Only the lines below from the one with "Pánske nohavice pre" through the one with "導語:年關將近,很多物流公司" are to be written out, exactly and without any images.

RECORD EXTRACTS.
◆ ◆ ◆

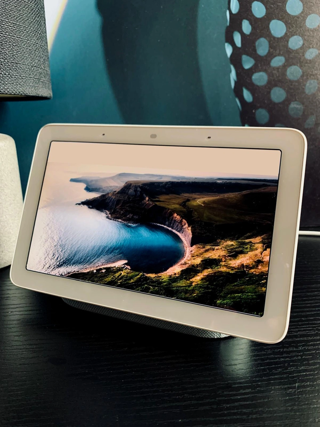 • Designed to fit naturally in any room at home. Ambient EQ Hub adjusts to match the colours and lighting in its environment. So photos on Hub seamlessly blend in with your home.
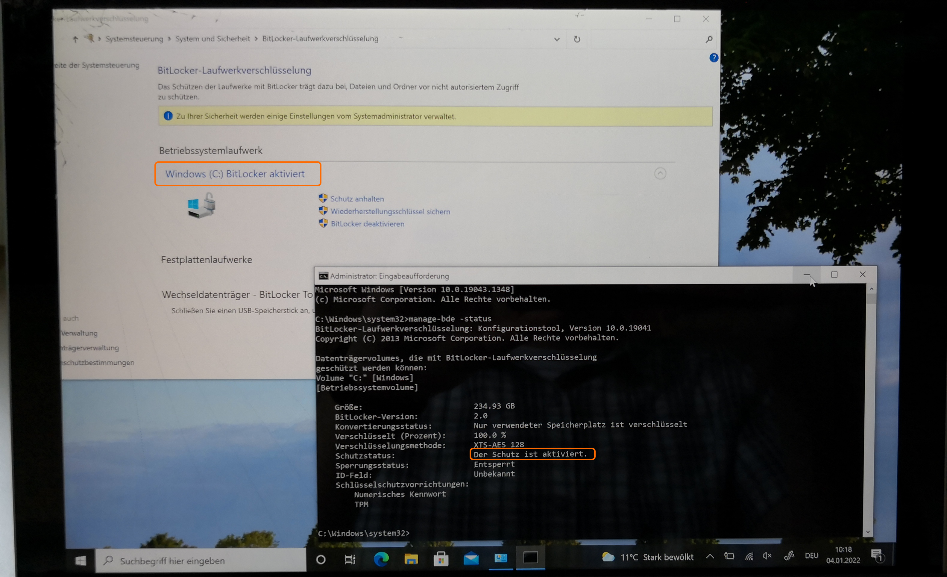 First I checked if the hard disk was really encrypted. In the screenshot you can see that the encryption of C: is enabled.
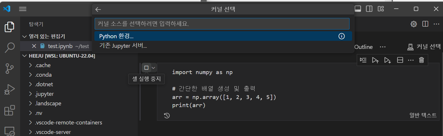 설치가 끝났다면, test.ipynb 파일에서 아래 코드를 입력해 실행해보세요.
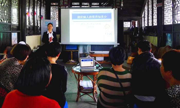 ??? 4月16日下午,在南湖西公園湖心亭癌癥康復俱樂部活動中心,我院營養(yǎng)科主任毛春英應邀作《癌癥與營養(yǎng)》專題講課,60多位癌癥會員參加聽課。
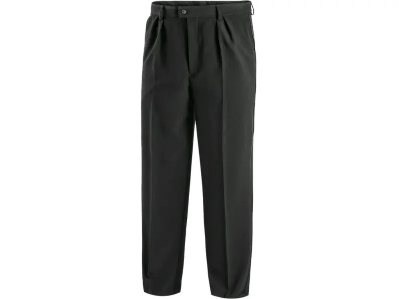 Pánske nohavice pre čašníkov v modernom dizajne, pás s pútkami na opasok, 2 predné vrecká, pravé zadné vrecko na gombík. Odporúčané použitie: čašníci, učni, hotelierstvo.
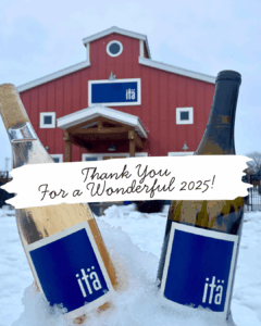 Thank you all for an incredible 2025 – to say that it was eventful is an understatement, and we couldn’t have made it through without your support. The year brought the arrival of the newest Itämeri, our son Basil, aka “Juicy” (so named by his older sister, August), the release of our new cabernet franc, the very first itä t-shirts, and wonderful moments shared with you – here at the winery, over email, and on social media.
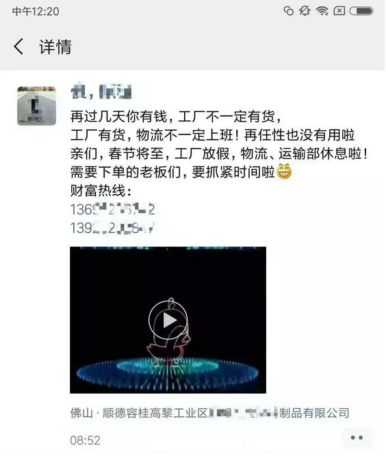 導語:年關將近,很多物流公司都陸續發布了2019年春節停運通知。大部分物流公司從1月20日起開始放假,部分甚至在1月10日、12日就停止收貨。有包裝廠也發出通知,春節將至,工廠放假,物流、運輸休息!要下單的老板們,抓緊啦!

◆ ◆ ◆

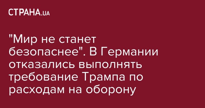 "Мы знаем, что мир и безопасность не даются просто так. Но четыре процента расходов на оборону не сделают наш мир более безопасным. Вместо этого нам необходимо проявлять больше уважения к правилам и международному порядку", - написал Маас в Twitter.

◆ ◆ ◆

RESPONSE TO THE TASK.
 Pánske nohavice pre čašníkov v modernom dizajne, pás s pútkami na opasok, 2 predné vrecká, pravé zadné vrecko na gombík. Odporúčané použitie: čašníci, učni, hotelierstvo.
 Thank you all for an incredible 2025 – to say that it was eventful is an understatement, and we couldn’t have made it through without your support. The year brought the arrival of the newest Itämeri, our son Basil, aka “Juicy” (so named by his older sister, August), the release of our new cabernet franc, the very first itä t-shirts, and wonderful moments shared with you – here at the winery, over email, and on social media.
 導語:年關將近,很多物流公司都陸續發布了2019年春節停運通知。大部分物流公司從1月20日起開始放假,部分甚至在1月10日、12日就停止收貨。有包裝廠也發出通知,春節將至,工廠放假,物流、運輸休息!要下單的老板們,抓緊啦!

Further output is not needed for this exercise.